(Directions for this task) The entries below contain a line with "9 stycken hippie-dräktsset" and a line with "(总)星野 2023新款40s水洗棉贴布绣四件套-多巴胺女孩,多巴胺女孩". Quote exactly those two lines and all lines between them.

*** Data provided

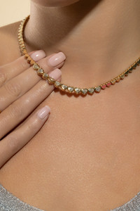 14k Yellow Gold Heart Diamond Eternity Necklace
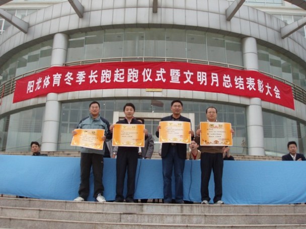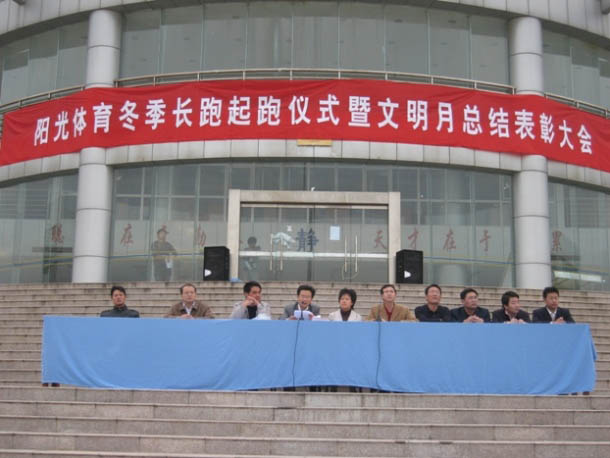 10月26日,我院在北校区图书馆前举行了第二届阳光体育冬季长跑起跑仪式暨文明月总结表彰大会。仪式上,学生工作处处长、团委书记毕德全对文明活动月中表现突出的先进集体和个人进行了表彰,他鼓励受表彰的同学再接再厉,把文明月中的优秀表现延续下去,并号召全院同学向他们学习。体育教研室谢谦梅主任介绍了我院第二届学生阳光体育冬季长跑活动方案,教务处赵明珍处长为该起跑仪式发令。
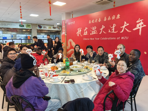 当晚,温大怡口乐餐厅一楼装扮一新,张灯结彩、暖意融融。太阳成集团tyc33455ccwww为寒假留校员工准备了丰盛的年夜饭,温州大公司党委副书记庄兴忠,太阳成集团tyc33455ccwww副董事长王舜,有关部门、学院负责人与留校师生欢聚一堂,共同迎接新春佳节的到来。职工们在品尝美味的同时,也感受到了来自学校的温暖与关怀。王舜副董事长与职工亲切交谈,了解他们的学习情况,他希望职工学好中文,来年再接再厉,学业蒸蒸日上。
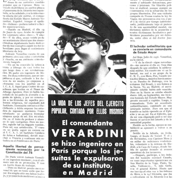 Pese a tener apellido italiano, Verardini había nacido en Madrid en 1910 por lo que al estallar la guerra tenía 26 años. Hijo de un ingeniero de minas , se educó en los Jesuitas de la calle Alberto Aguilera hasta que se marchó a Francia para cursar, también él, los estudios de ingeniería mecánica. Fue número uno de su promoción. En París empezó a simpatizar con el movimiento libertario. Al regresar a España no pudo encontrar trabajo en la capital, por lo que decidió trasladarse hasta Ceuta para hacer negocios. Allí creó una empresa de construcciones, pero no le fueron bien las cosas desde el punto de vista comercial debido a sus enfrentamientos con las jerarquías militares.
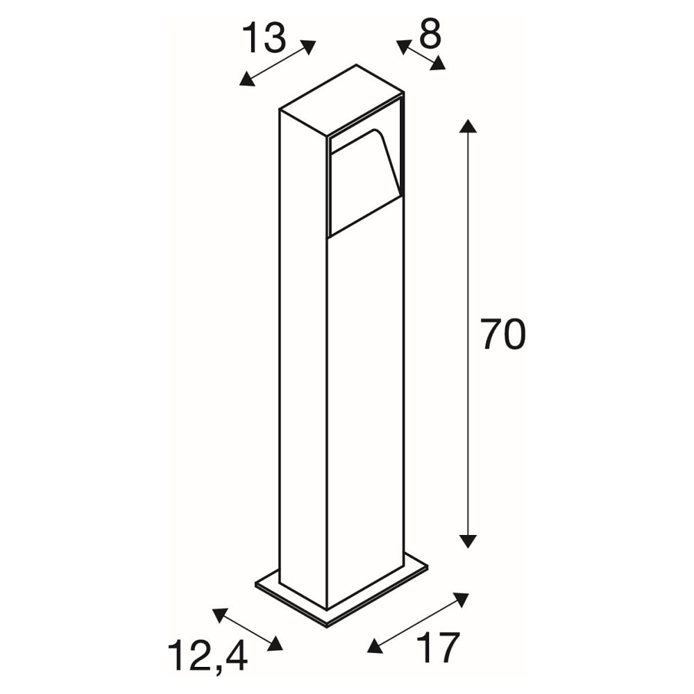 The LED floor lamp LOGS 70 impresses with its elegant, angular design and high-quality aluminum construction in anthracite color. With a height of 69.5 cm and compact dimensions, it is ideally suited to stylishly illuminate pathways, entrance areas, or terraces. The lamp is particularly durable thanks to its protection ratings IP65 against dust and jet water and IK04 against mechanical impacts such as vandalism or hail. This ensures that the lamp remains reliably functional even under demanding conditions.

******
*** Data provided

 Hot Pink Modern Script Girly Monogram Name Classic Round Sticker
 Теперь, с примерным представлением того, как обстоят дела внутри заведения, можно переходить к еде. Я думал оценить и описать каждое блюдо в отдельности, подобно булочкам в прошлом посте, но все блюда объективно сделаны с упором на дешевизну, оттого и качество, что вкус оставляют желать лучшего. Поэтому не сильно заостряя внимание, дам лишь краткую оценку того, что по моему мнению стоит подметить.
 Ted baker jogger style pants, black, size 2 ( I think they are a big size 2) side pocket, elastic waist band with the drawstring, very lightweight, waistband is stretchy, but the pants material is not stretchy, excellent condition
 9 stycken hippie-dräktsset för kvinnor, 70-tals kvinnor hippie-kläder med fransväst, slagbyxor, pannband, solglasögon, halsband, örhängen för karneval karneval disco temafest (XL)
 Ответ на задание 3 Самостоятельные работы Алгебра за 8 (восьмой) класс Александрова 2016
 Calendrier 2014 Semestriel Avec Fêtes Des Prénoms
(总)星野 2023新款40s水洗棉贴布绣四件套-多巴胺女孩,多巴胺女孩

******

(Response box)
 9 stycken hippie-dräktsset för kvinnor, 70-tals kvinnor hippie-kläder med fransväst, slagbyxor, pannband, solglasögon, halsband, örhängen för karneval karneval disco temafest (XL)
 Ответ на задание 3 Самостоятельные работы Алгебра за 8 (восьмой) класс Александрова 2016
 Calendrier 2014 Semestriel Avec Fêtes Des Prénoms
(总)星野 2023新款40s水洗棉贴布绣四件套-多巴胺女孩,多巴胺女孩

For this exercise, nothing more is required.